_Brief_. Beginning with the first line, retype exactly the records below up to and including the line with "当神社のシンボル十三塔は、世"; pictures do not belong in the copy.

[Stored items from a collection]

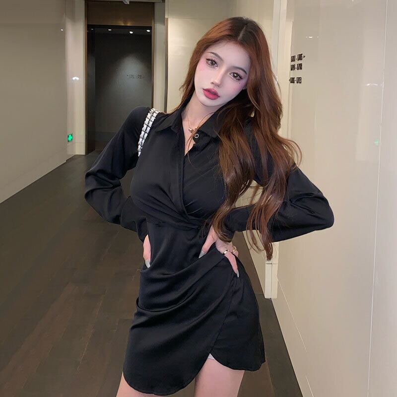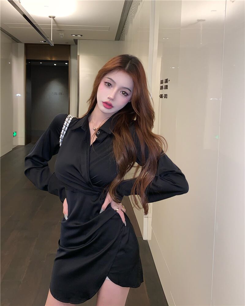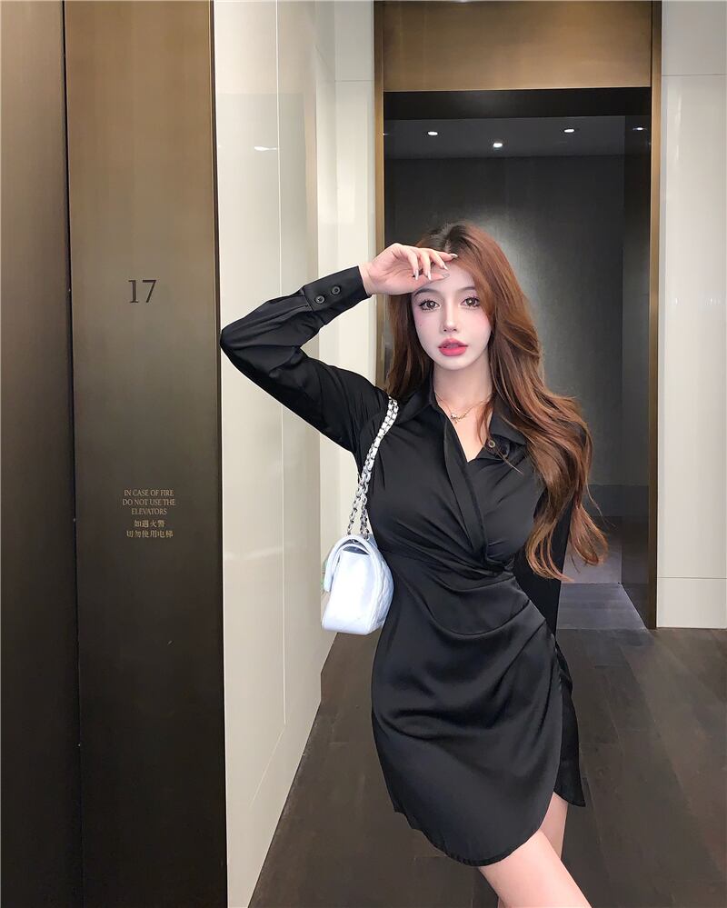 黒のシャツスカート秋の婦人服2021年新作洋風デザインセンスフォールドウエストスリミングワンピース micat63794186203
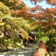 当神社のシンボル十三塔は、世界唯一のもので、この塔を含めた紅葉の写真を撮りたかったのですが、生憎の暖冬の為に紅葉が大幅に遅れています。ようやくカエデの一部に色がつき始めたばかりで、その奥には本殿が透けて見えます、本殿には昇殿出来、沢山の釣り灯篭がぶら下る場で静かな境内の佇まいを眺められます。
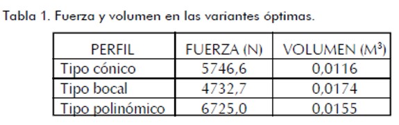 Para cada uno de los perfiles fue aplicado un proceso de optimización multiobjetivo similar al descrito para la obtención del diámetro de orificio óptimo. Así, en cada conjunto de variantes fue seleccionada una como la variante óptima de cada tipo de perfil que minimiza la fuerza y maximiza el volumen. El valor para el criterio de diseño tomado es: C1 = 0,5.
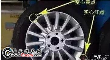 輪胎上的“黃點”是輪胎輕點標記,也就表示這條輪胎上這點處是最輕的位置。由于輪轂上需要安裝氣門嘴,而多出的氣門嘴則是輪胎上最重的位置,為了讓輪胎的受力更均勻,行車更安全,就必須在最重點處減重。這時,黃點最輕點處就要對應(yīng)氣門嘴,使氣門嘴部位的重量和其他部位相等,提高車輛的安全性。
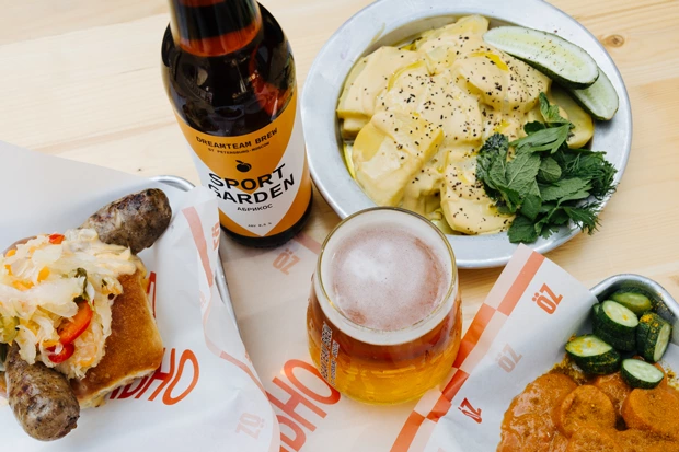 В меню — карривурст с маринованными овощами, братвурст на тарелке с горчицей, сэндвич с братвурст и сырным соусом, картофельный салат со шпреевальдским огурцом.
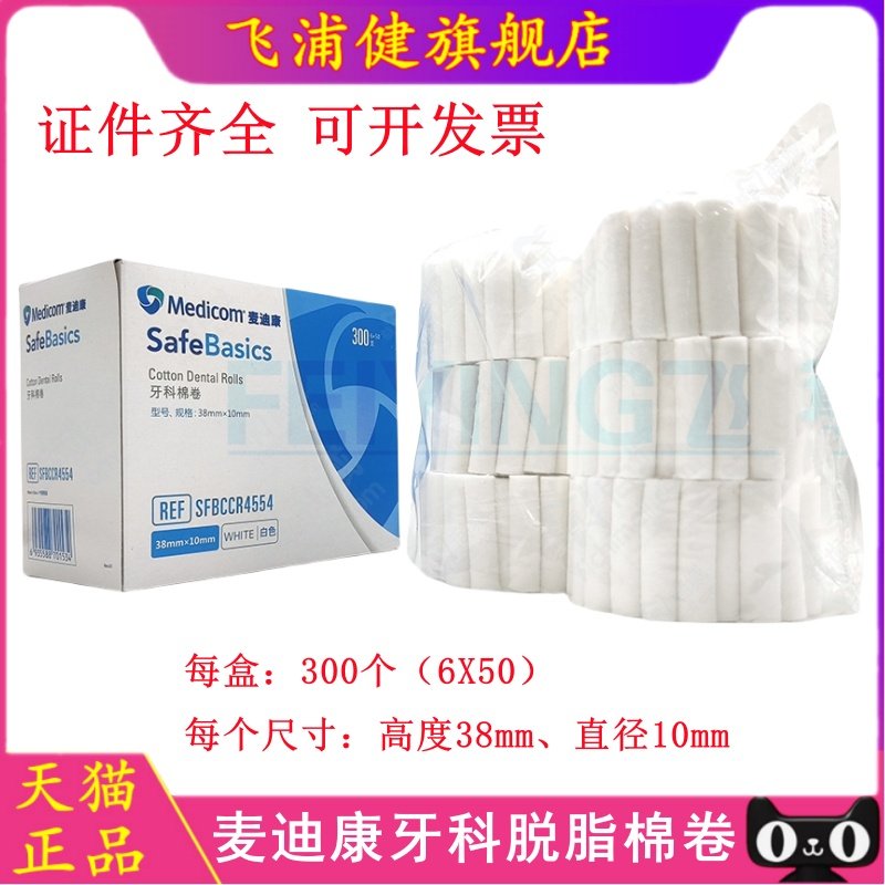 📚 麦迪康MEDICOM医用脱脂棉卷 牙科口腔耗材 隔湿止血棉条1盒300支
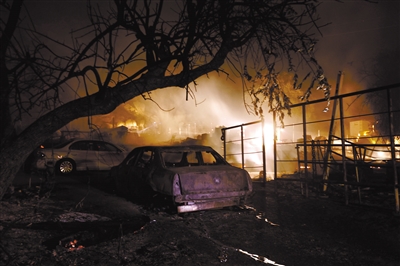这是9月6日在美国加利福尼亚州里弗赛德县拍摄的被山火烧毁的汽车。美国加利福尼亚州里弗赛德县5日发生的一处山火快速蔓延,目前已导致2人死亡。 新华社 发

_Task solution_.
 黒のシャツスカート秋の婦人服2021年新作洋風デザインセンスフォールドウエストスリミングワンピース micat63794186203
 当神社のシンボル十三塔は、世界唯一のもので、この塔を含めた紅葉の写真を撮りたかったのですが、生憎の暖冬の為に紅葉が大幅に遅れています。ようやくカエデの一部に色がつき始めたばかりで、その奥には本殿が透けて見えます、本殿には昇殿出来、沢山の釣り灯篭がぶら下る場で静かな境内の佇まいを眺められます。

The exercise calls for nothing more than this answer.